Ainsi, par exemple, l’activité des médecins libéraux est comptabilisée dans cette économie
marchande et monétaire alors qu’ils n’ont de libéraux que le statut puisque leurs ressources
proviennent intégralement de la solidarité. De la même façon, les activités des entreprises du
BTP relèvent, pour plus des deux tiers, des commandes du secteur public. Et je passe sous
silence et pour pertes et profits l’ensemble des subventions publiques qui sont octroyées aux
entreprises du privé pour la création ou la sauvegarde de l’emploi, l’investissement,
l’innovation ou toutes autres raisons structurelles comme les subventions aux agriculteurs ou
conjoncturelles comme les moyens dégagés pour les tours opérateurs à la suite de la mauvaise
humeur d’un volcan islandais ou pour les propriétaires qui ont construit leurs maisons en zone
inondable.
En outre, parce qu’elle est binaire (offre-demande) et se préoccupe peu des conséquences de
ses choix sur les personnes et sur la planète, elle ne répond pas à tout et plusieurs de ses
réponses ne peuvent plus, ne pourront plus perdurer : il existe ainsi beaucoup de besoins non
satisfaits auxquels le marché ne répond pas, les ressources fossiles sont par définition
épuisables et les niveaux de pollution ont dépassé depuis longtemps, en de nombreux endroits,
des points de non retour.
A côté de cette économie marchande et monétaire, et au même niveau quantitatif (un
deuxième tiers), on trouve l’économie non marchande et monétaire, l’économie de la
redistribution qui, dans notre pays comme dans la plupart des pays développés, représente peu
ou prou, la même part que la précédente : en effet, les prélèvements fiscaux, quelle que soit
leur origine (Etat ou collectivités), quelle que soit leur destination, qu’ils soient directs ou
indirects, représentent, en gros, 50% des revenus.
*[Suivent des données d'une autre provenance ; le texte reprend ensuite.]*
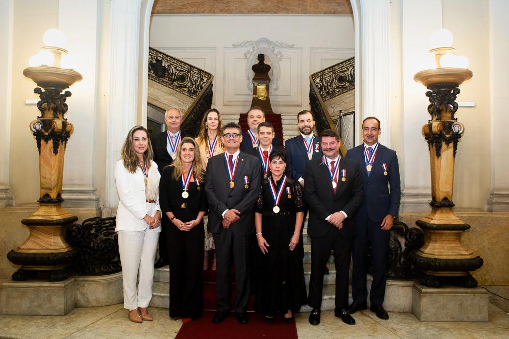 Onze membros do Ministério Público do Estado do Rio de Janeiro (MPRJ) foram agraciados, na noite desta terça-feira (02/12), com o Conjunto de Medalhas Pedro Ernesto, a mais alta honraria concedida pelo Legislativo carioca. A iniciativa é de autoria do presidente da Câmara Municipal, vereador Carlo Caiado. O procurador-geral de Justiça, Antonio José Campos Moreira; o consultor especial do MPRJ e procurador de Justiça Carlos Roberto de Castro Jatahy; e a corregedora-geral da Câmara, Bianca Lima, compuseram a mesa diretora da solenidade.

Avec le choix fait par l’Union Européenne et par la France, de placer sur le marché des pans
entiers de services d’intérêt général, nous aurons, dans les années qui viennent, des choix
essentiels à faire pour maintenir, conforter et développer les éléments de cette économie non
marchande et monétaire, construite sur la solidarité entre les riches et les pauvres, entre les
générations, entre les territoires ou pour lui substituer des réponses assises sur l’assurance, sur
les risques et sur la solvabilité des publics concernés.
Et à côté de ces deux parts équivalentes, il en existe une troisième qui certes, n’est pas
comptabilisée dans un PIB qui croît quand les accidents de la route augmentent (là aussi, nous
reviendrons sans doute sur ces indicateurs de richesse) mais sans laquelle nous ne pourrions,
tout simplement, pas vivre ensemble : c’est l’économie non marchande et non monétaire,
certains l’appellent l’économie réciprocitaire ou encore l’économie du don et du contre-don,
qui comprend notamment toute l’économie domestique et tout le temps social qui pousse tant
de bénévoles (trop peu pour tout ce qu’il y a à faire) à faire société, les uns en s’occupant des
jeunes du club de foot ou de basket pendant que d’autres soutiennent les exclus de toute
nature de cette partie de l’économie basée sur le rendement maximum et immédiat du capital
investi.
L’ESS naît de la combinaison (de l’hybridation comme disent Bernard Eme et Jean-Louis
Laville) de ces trois formes d’économie, comme un hybride est produit par la main de
l’Homme à partir des meilleurs caractères des parents.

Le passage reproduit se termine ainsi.